The opposition forces are threatening to introduce a no-confidence motion against the Mori Cabinet before the current extraordinary Diet session closes Dec. 1. If a no-confidence motion is introduced, it is uncertain whether the Diet will approve or reject it. To avoid chaos, Mori might step down before the Diet votes on such a motion. Should Mori resign, the question is who will replace him.

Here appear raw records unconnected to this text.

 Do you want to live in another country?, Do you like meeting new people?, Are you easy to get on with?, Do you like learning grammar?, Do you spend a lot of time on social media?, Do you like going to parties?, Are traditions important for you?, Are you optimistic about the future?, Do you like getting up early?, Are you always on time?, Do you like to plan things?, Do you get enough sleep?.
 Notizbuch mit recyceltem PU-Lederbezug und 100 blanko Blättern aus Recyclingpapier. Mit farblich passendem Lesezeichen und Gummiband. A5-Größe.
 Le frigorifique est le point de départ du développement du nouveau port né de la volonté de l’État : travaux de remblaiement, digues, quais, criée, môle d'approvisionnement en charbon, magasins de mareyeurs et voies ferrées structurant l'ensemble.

Intense maneuvering continues between the ruling coalition and the opposition forces and within the ruling Liberal Democratic Party.

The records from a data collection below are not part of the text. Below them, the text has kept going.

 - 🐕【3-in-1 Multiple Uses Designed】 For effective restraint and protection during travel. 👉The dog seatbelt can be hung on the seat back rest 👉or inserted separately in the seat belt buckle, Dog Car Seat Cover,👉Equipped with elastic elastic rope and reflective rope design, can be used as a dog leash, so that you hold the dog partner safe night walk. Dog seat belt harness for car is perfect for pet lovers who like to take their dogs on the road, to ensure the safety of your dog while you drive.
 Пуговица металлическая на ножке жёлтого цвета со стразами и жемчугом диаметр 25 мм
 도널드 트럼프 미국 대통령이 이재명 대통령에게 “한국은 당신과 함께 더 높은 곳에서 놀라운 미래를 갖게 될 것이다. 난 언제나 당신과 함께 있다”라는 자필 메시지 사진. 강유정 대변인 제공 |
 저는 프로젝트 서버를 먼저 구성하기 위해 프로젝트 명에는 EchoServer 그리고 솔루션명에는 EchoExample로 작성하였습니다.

The drama started with comments made by former LDP Secretary General Kochi Kato Nov. 7. The LDP dissident leader, increasingly critical of Mori in recent days, effectively called for his resignation by threatening to support a joint no-confidence motion that the four opposition parties are moving to introduce. An LDP faction led by fellow dissident leader Taku Yamasaki gave full support to Kato, although a few members called for moderation.
Meanwhile, the Mori faction, a major faction led by former Prime Minister Ryutaro Hashimoto and three other factions in the LDP officially agreed to support Mori by rejecting a no-confidence motion against the Mori Cabinet. The five groups have an overwhelming numerical strength over the two dissident groups, stirring speculation that Kato and Yamasaki would be ousted from the LDP after the Diet rejects the no-confidence motion.
Despite their official pro-Mori stance, the five factions are not unified. Mori was also supported by groups under LDP policy chief Shizuka Kamei and Foreign Minister Yohei Kono, who are both anti-Kato, and a group led by former Foreign Minister Masahiko Komura. The last faction is less determined in supporting the prime minister.
Former Health and Welfare Minister Junichiro Koizumi, the new chief of the Mori faction, is in a delicate position. Before heading the Mori group, Koizumi was active in the anti-leadership “YKK” group with Yamasaki and Kato.
The Hashimoto faction, the largest LDP group, is in a quandary. Mikio Aoki, LDP leader in the Upper House and the Hashimoto faction’s strongman, is reportedly keenly aware of Mori’s lack of insight and political skills. Aoki, a former chief Cabinet secretary, was among the four LDP officials who agreed in backroom deals last April to name Mori as prime minister to replace ailing Keizo Obuchi. The other officials were LDP Secretary General Hiromu Nonaka, Kamei and Masakuni Murakami, another LDP leader in the Upper House.
After a series of meetings held Tuesday by the Hashimoto faction, some members reportedly suggested that Mori should step down. There were growing fears that a head-on confrontation between Mori and Kato could lead to a split in the LDP and a political realignment, which would be unacceptable to most members.
The Mori Cabinet has posted dismally low public-approval ratings of less than 20 percent in recent media surveys. Disapproval ratings are around 70 percent.
Another problem is that the LDP is troubled by generational disagreements, as well as the more familiar factional squabblings. At a meeting of the Hashimoto faction Tuesday, young members expressed fears that the LDP would suffer a devastating setback in the 2001 Upper House election if Mori remained in his job until then.
Repercussions from Kato’s determination to challenge Mori for power are spreading in the political world. The political survival of the Mori administration is at stake, and Japanese politics is at a turning point.
Koizumi, as chief of the Mori faction and a former member of the YKK dissident group, could play a decisive role in the unfolding drama.